- Directed by: Mussanje Mahesh
- Screenplay by: Mussanje Mahesh
- Story by: Mussanje Mahesh
- Produced by: H. R. Rajesh
- Starring: Shiva Rajkumar Kriti Kharbanda Vinod Prabhakar Orata Prashanth Shishya Deepak Venkatesh Prasad
- Cinematography: K. S. Chandrashekar
- Edited by: Deepu S. Kumar
- Music by: V. Sridhar
- Production company: Yashaswini Cine Creations
- Distributed by: Dreamweaver Entertainment
- Release date: 31 October 2014;
- Running time: 147 minutes
- Country: India
- Language: Kannada

= Belli (film) =

Belli (translation: Silver) is a 2014 Indian Kannada action film written and directed by Mussanje Mahesh. It stars an ensemble cast featuring Shiva Rajkumar, Kriti Kharbanda, Vinod Prabhakar, Orata Prashanth, Shishya Deepak, Venkatesh Prasad, Sudha Rani, Aravinda Rao and Padma Vasanthi.

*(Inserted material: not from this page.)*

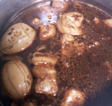 鸡蛋、猪肉、老抽、糖、姜、黄酒、水、香叶、鸡精。

Produced by H. R. Rajesh, filming commenced in March 2014. The cinematography was done by K. S. Chandrashekar and was edited by Deepu S. Kumar. The soundtrack was composed by V. Sridhar.

Belli was released on 31 October 2014, where it received mixed reviews from critics and became an average venture at the box office.

==Premise==
Basavaraj alias Belli (Shiva Rajkumar) migrates from his village to the city in search of a job, where he falls into the trap of the underworld under the leadership of a politician (Chi. Guru Dutt) and also meets his new friends Babu (Vinod Prabhakar), Ashwathnarayana Bhat (Shishya Deepak), Rafi (Venkatesh Prasad) and Srinivas (Orata Prashanth). In a clash between rival gangs, Belli's boss is killed and Belli is wounded due to an attack in his head, thus leaving him insane. Belli's friends feel guilty about his condition and leaves to start a new life. Despite his condition, Belli's memories recover in seconds/minutes where he sets out to avenge his boss' death.

==Production==
Mussanje Mahesh returned to direction with Belli after a three-year hiatus. He wanted to cast Shiva Rajkumar in his film titled Maha Shivaratri which "unfortunately, ... got shelved". He later narrated the story of Belli which Shiva liked and signed to play the eponymous lead. Mahesh said that Shiva's character would be seen "in three shades". Vinod Prabhakar, Prashanth, Deepak and Venkatesh Prasad were cast to play parallel leads alongside Shiva. It was reported in March 2014 that Kriti Kharbanda would play the female lead opposite Shiva.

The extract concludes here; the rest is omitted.